The House is now in uncharted territory, with House members and aides unsure what will happen next.
Immediately after the vote to remove McCarthy, Rep. Patrick McHenry (R-N.C.) was declared Speaker pro tempore. He said the House would go into recess so that Democrats and Republicans could meet separately to “discuss the path forward.”

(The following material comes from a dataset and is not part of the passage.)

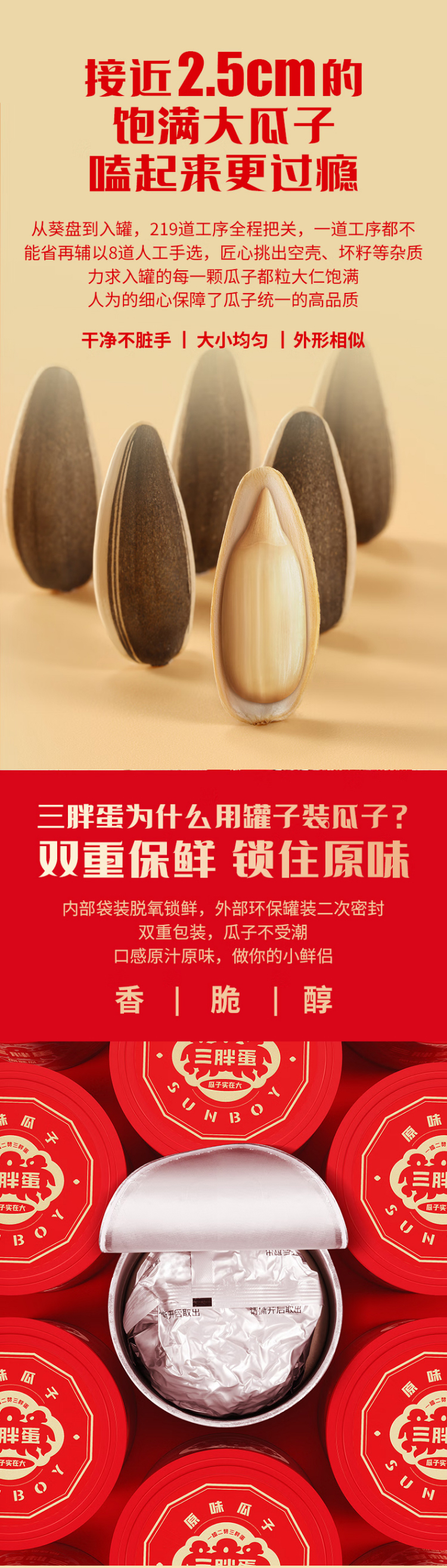 三胖蛋经典原味瓜子180g*4罐

McCarthy said Tuesday he would not run again for Speaker.
“Unfortunately, 4 percent of our conference can join all the Democrats and dictate who can be the Republican Speaker in this House,” McCarthy said in a press conference. “I don’t think that room is good for the institution, but apparently I’m the only one. I believe I can continue to fight, maybe in a different manner. I will not run for Speaker again. I’ll have the conference pick somebody else.”
No votes are expected in the House the rest of the week, and Republicans said they would meet to select their pick for Speaker next Tuesday.
The House will not be able to resume normal operations until it elects a new Speaker.
Rep. Steve Womack (R-Ark.) said McCarthy’s ouster will put a “stain on the institution.”
“My guess is it will serve as Exhibit A to a whole lot of challenges that my party is going to have in the ensuing days, weeks, months, and perhaps years. This was not a desired outcome,” he said.
GOP Reps. Andy Biggs (Ariz.), Ken Buck (Colo.), Tim Burchett (Tenn.), Eli Crane (Ariz.), Bob Good (Va.), Nancy Mace (S.C.) and Matt Rosendale (Mont.) joined Gaetz in voting to oust McCarthy.
Chatter about alternative Republican Speaker candidates increased after the vote. Rep. Thomas Massie (R-Ky.), who opposed McCarthy’s ouster, said that he hoped Rep. Jim Jordan (R-Ohio) could be Speaker. Gaetz threw out a number of potential names, including House Majority Leader Steve Scalise (R-La.), House Majority Whip Tom Emmer (R-Minn.), or Rep. Kevin Hern (R-Okla.).
Gaetz, speaking to a swarm of reporters on the House steps immediately after the vote, took a victory lap.
“The reason Kevin McCarthy went down today is because nobody trusts Kevin McCarthy. Kevin McCarthy has made multiple contradictory promises. And when they all came due, he lost votes from people who maybe don’t even ideologically agree with me on everything,” Gaetz said.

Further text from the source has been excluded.